• _Excerpts from a dataset_:
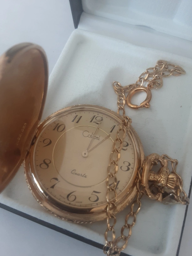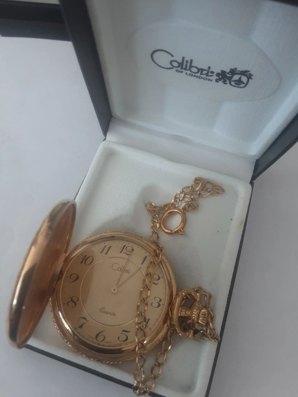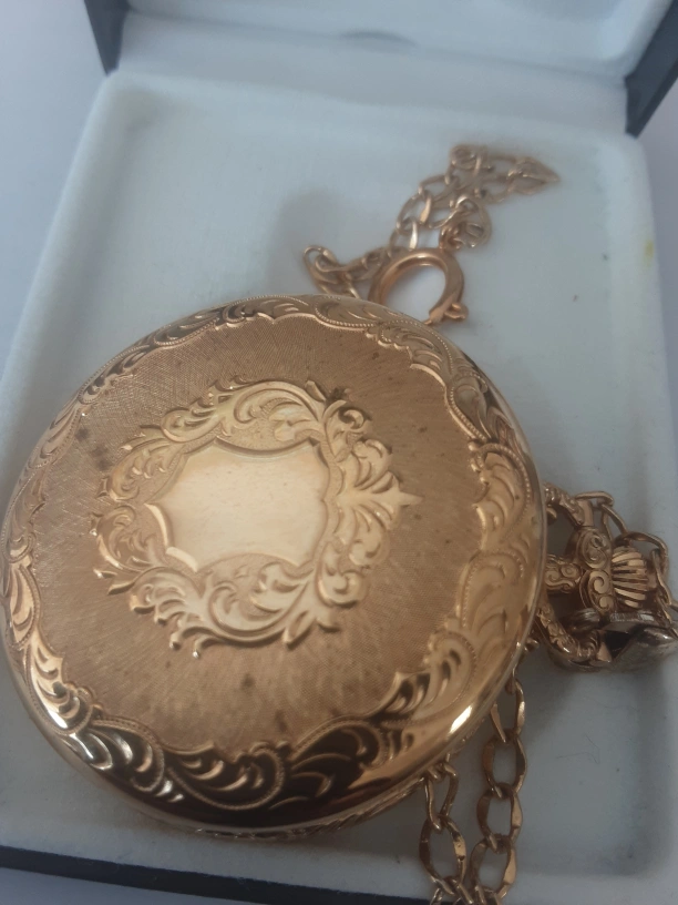 Gold-toned pocket watch with chain. works great, nice watch. $125.00 for viewing call 403 2411387 have other watches for sale
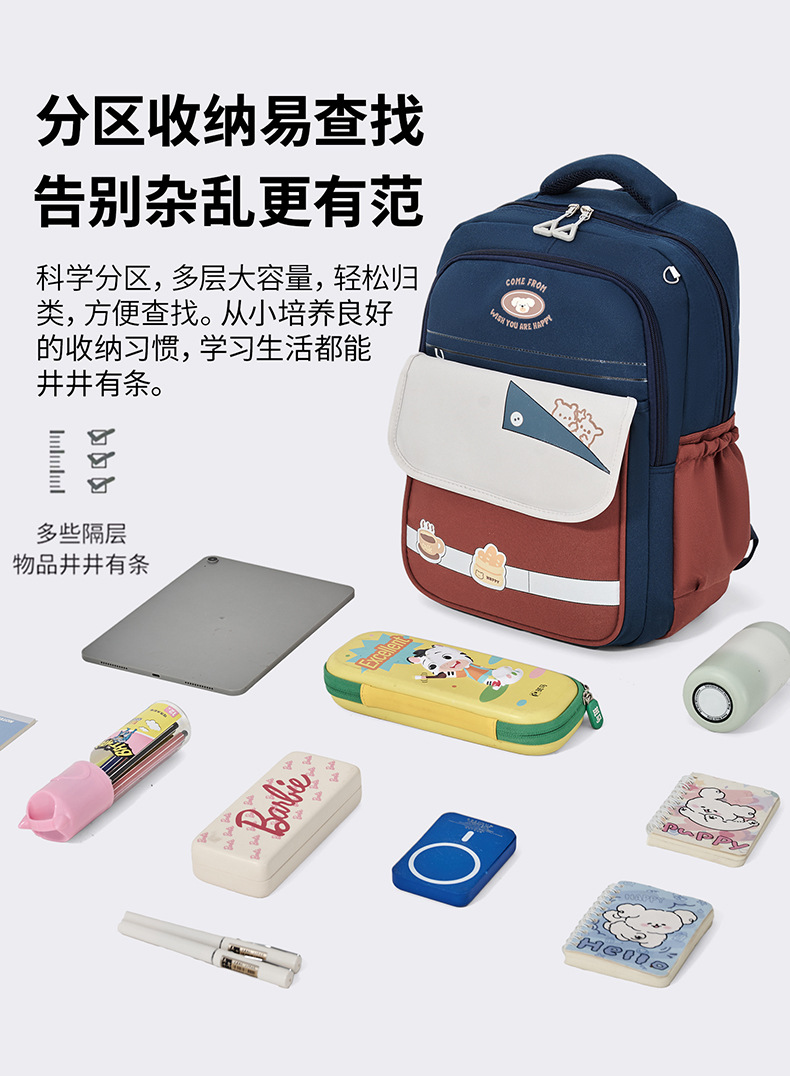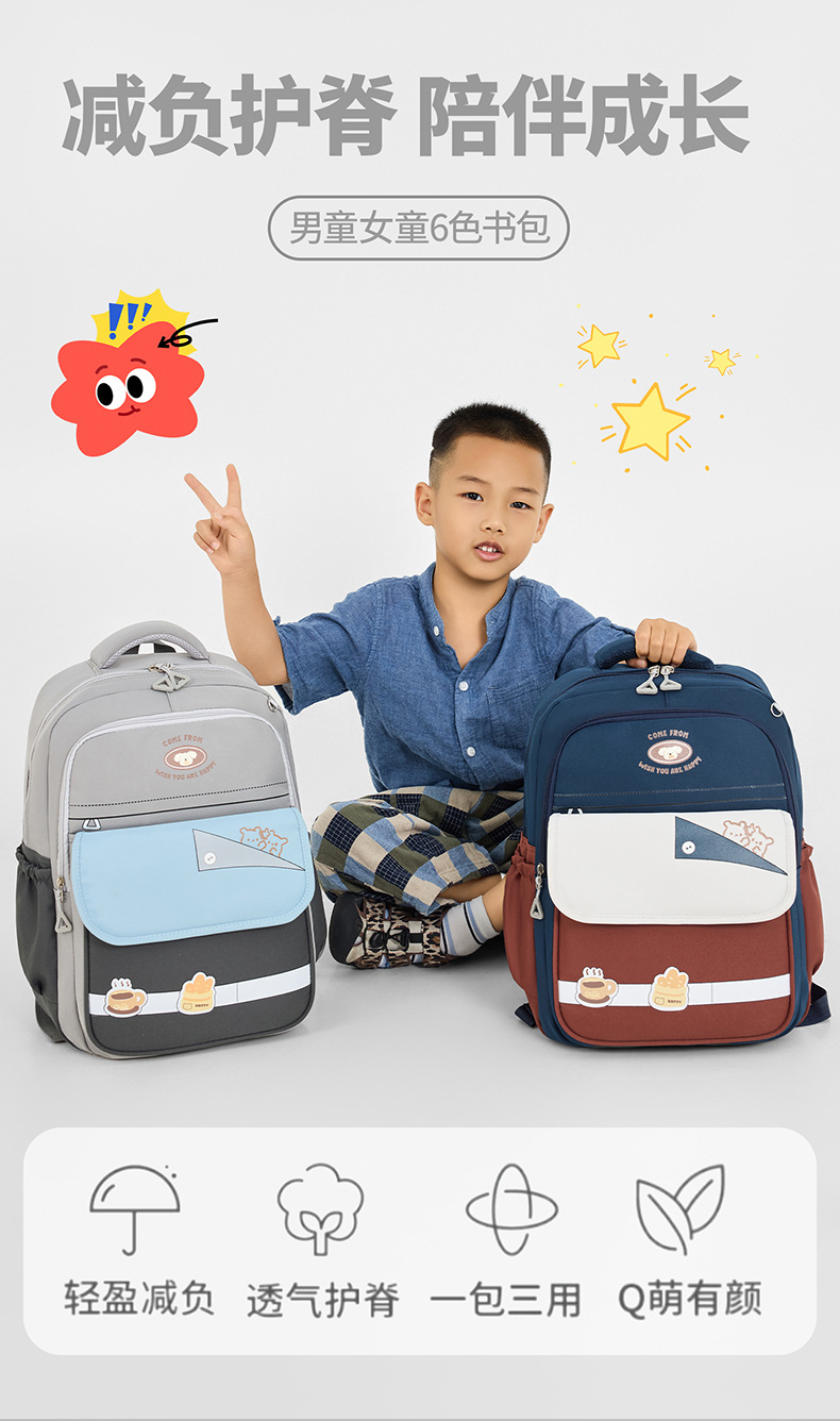 Mochila de estudiantes de primaria de gran capacidad, mochila para niños, mochila de hombros respirada, mochila de niñas resistente al desgaste.
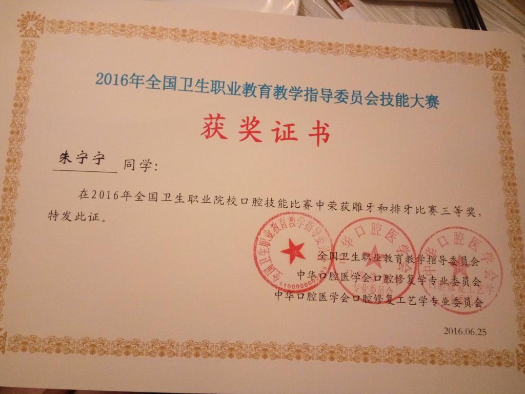 我院首次参加比赛,由指导教师孟琨带队,带领医学技术系口腔医学技术专业朱宁宁、王倩楠两位同学与来自全国70多所高校的205名优秀选手同台竞技,参赛中沉着冷静、克服困难、精心操作,在经过理论考试、牙齿雕刻、全口排牙等竞赛环节后,朱宁宁同学获得雕牙和排牙比赛三等奖。
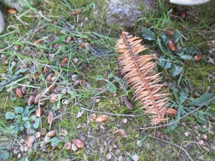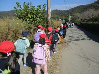 9時半ごろに学校を出発し,兒神社を抜け,北に向かって歩きました。途中の休憩場所には,学校では見られない変わった形の葉っぱや柿,どんぐりなどが見られました。子どもたちは,「魚の骨みたい!」「こんな松ぼっくり初めて見たわ!」と言いながら,持ってきていたビニール袋に一生懸命詰め込んでいました。
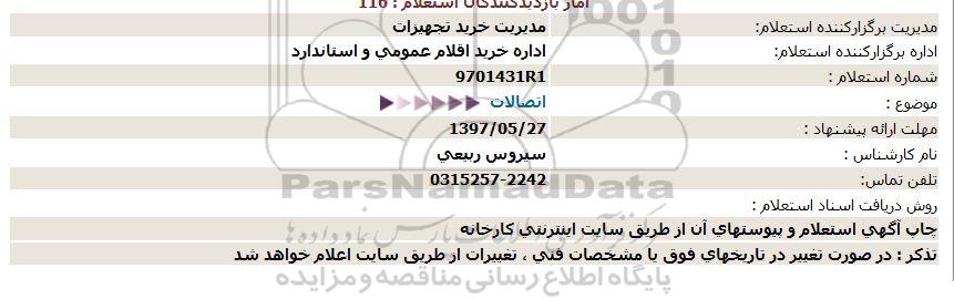 اداره برگزارکننده استعلام: اداره خرید اقلام عمومی و استاندارد
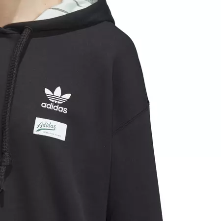 This sweatshirt features a hood lined with a pattern of fine stripes inspired by the world of baseball. It sports a small shamrock and a label with cursive letters that evoke vintage baseball shirts. It has been made in thick soft touch interlock fabric.
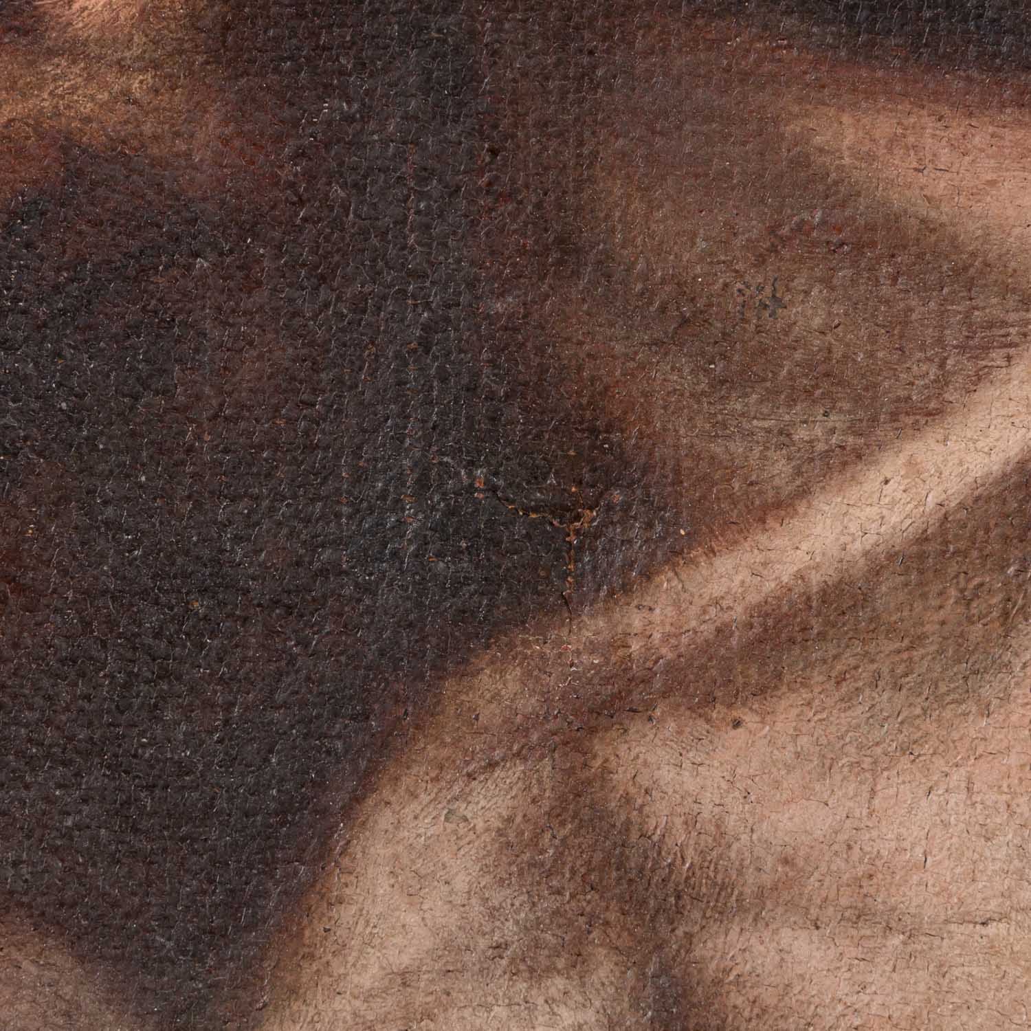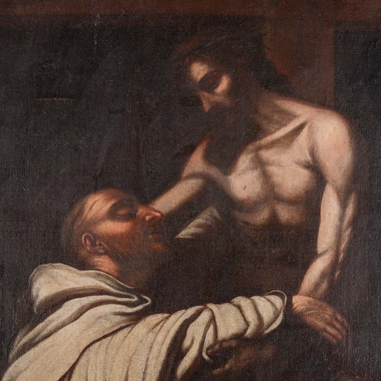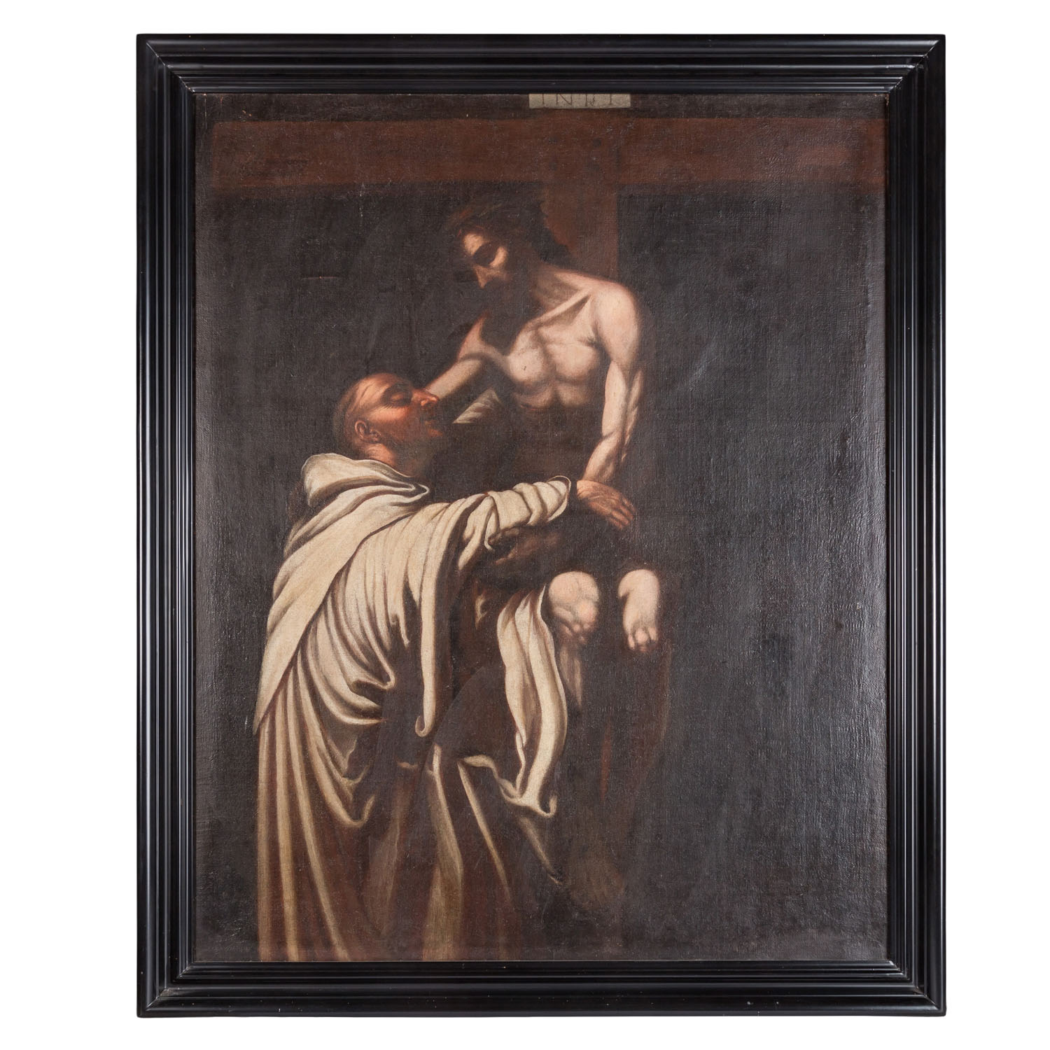 SPANISH SCHOOL OF THE 17th/18th CENTURY, ‘Christus umarmt den Heiligen Bernhard’, copy after Francisco Ribalta, oil/canvas, relined, HxW: approx. 113x91 cm (126.5x104.5 cm with frame). Signs of age and rubbing, craquelure, slightly damaged. With frame (signs of age and wear).
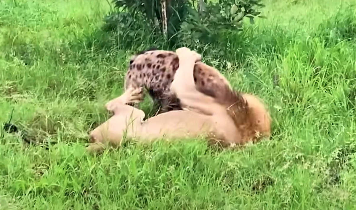 К счастью для гиены, лев на долю секунды ослабил хватку, а она воспользовалась этим шансом и убежала. Леопард также оказался в безопасности на дереве, а лев пустился не стал терять времени и пустился в погоню.
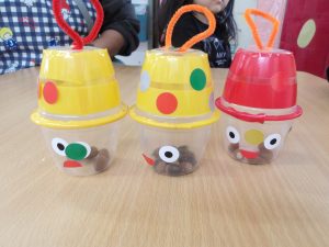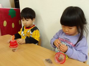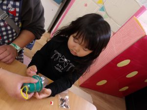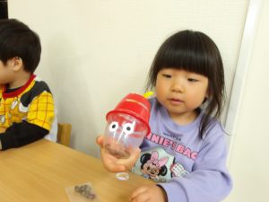 容器の中にどんぐりを入れて、その上からシールをペタペタ。
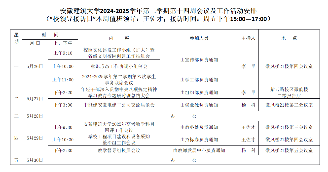 安徽888集团2024-2025学年第二学期第十四周会议及工作活动安排
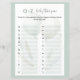 El juego de Baby Shower Sage Green Bear A to Z Baby Items es una actividad divertida y atractiva que le da un toque divertido a cualquier ducha de bebé. Los clientes tienen el reto de pensar en objetos relacionados con el bebé para cada letra del alfabeto, lo que hace que sea una forma entretenida de involucrar a todos. El juego cuenta con un encantador ilustracion de oso en suaves tonos verde sabio, perfecto para los temas minimalistas o neutros en función del género. Las tarjetas de juego, muy bien diseñadas, están impresas en papel de alta calidad, lo que las hace prácticas y elegantes. Este juego es fácil de jugar y adecuado para huéspedes de todas las edades. Sirve como un perfecto rompehielos, risas motivadoras y conversación mientras se crean recuerdos duraderos. El diseño único también lo convierte en un atractivo añadido a la decoración y fotos de la ducha de bebé. Para un aspecto fiesta cohesivo, empareja este juego con decoraciones y accesorios de Baby Shower Sage Green Bear.
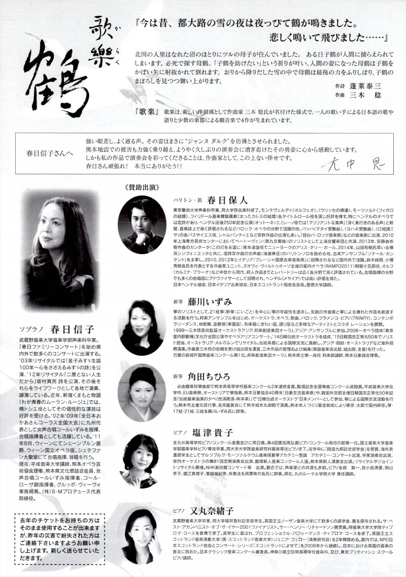 作品名 春日信子ソプラノリサイタル歌楽「鶴」および「大中恩のせかい ひとりぼっちがたまらなかったら」
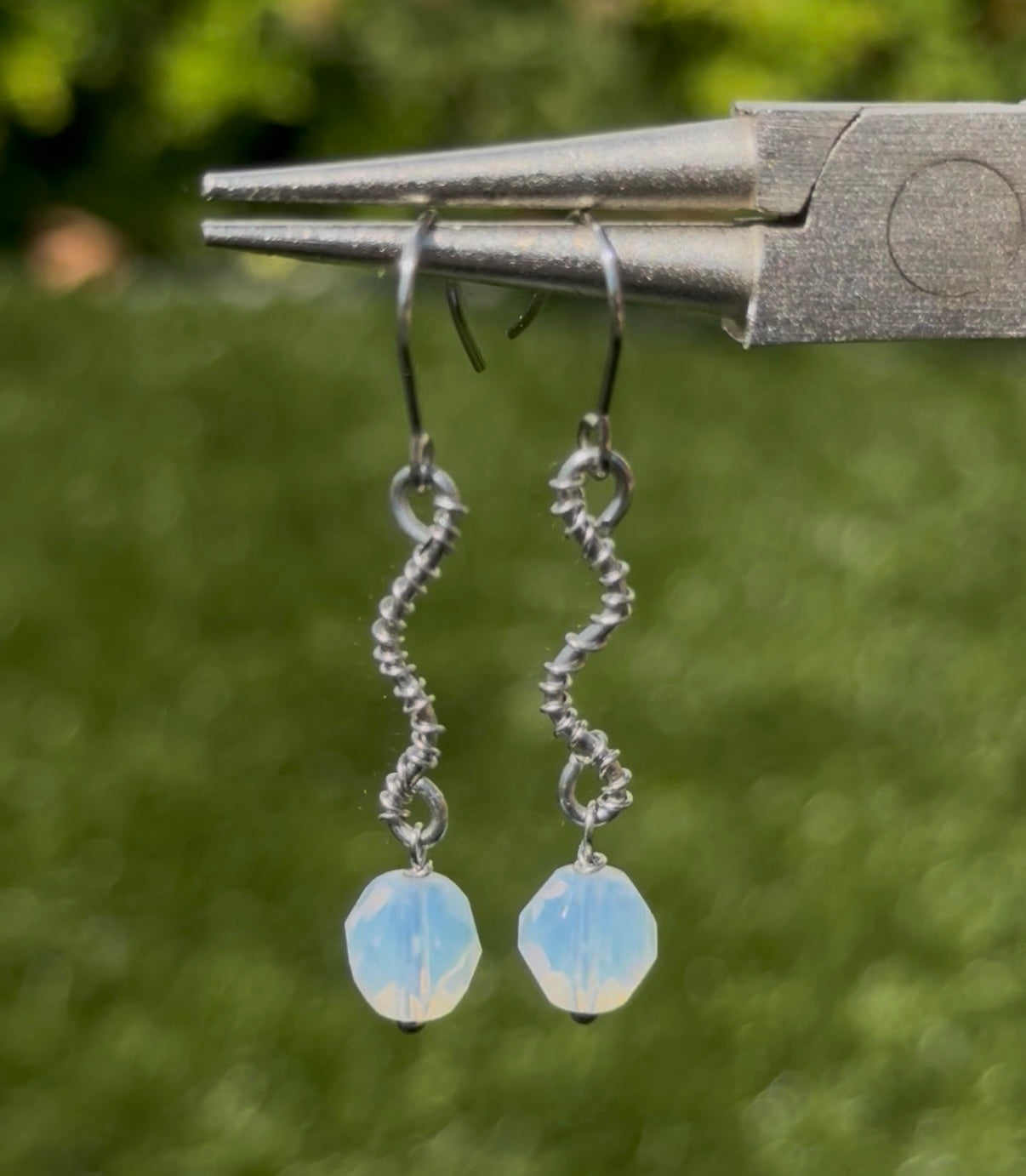 This piece is a truly special, one-of-one design that came from experimenting with wire-bending. Featuring all stainless steel hardware, wrapped to wavy perfection, and adorned with faceted opalite.
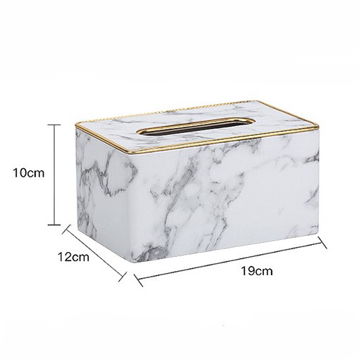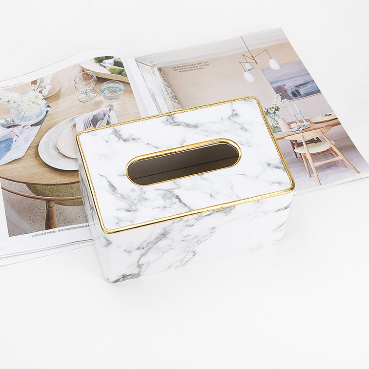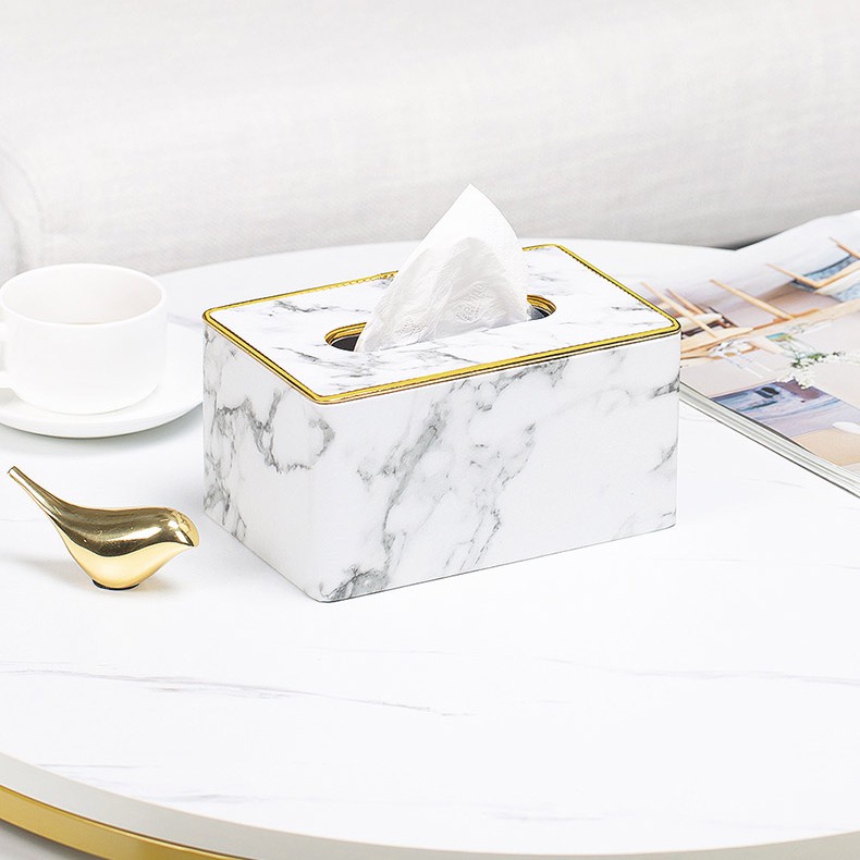 Nhà cửa & Đời sống > Sắp xếp nhà cửa > Hộp khăn giấy || Hộp Khăn Giấy Trang Trí Bàn Ăn Da Vân Đá Marble Viền Vàng Gold Sang Trọng Màu TrắngCòn hàng

• _DIRECTIONS_:
Up to and including the line containing "我院首次参加比赛,由指导教师", repeat every line from the start of the data, but none of the pictures.

• _ANSWER SPACE_:
 Gold-toned pocket watch with chain. works great, nice watch. $125.00 for viewing call 403 2411387 have other watches for sale
 Mochila de estudiantes de primaria de gran capacidad, mochila para niños, mochila de hombros respirada, mochila de niñas resistente al desgaste.
 我院首次参加比赛,由指导教师孟琨带队,带领医学技术系口腔医学技术专业朱宁宁、王倩楠两位同学与来自全国70多所高校的205名优秀选手同台竞技,参赛中沉着冷静、克服困难、精心操作,在经过理论考试、牙齿雕刻、全口排牙等竞赛环节后,朱宁宁同学获得雕牙和排牙比赛三等奖。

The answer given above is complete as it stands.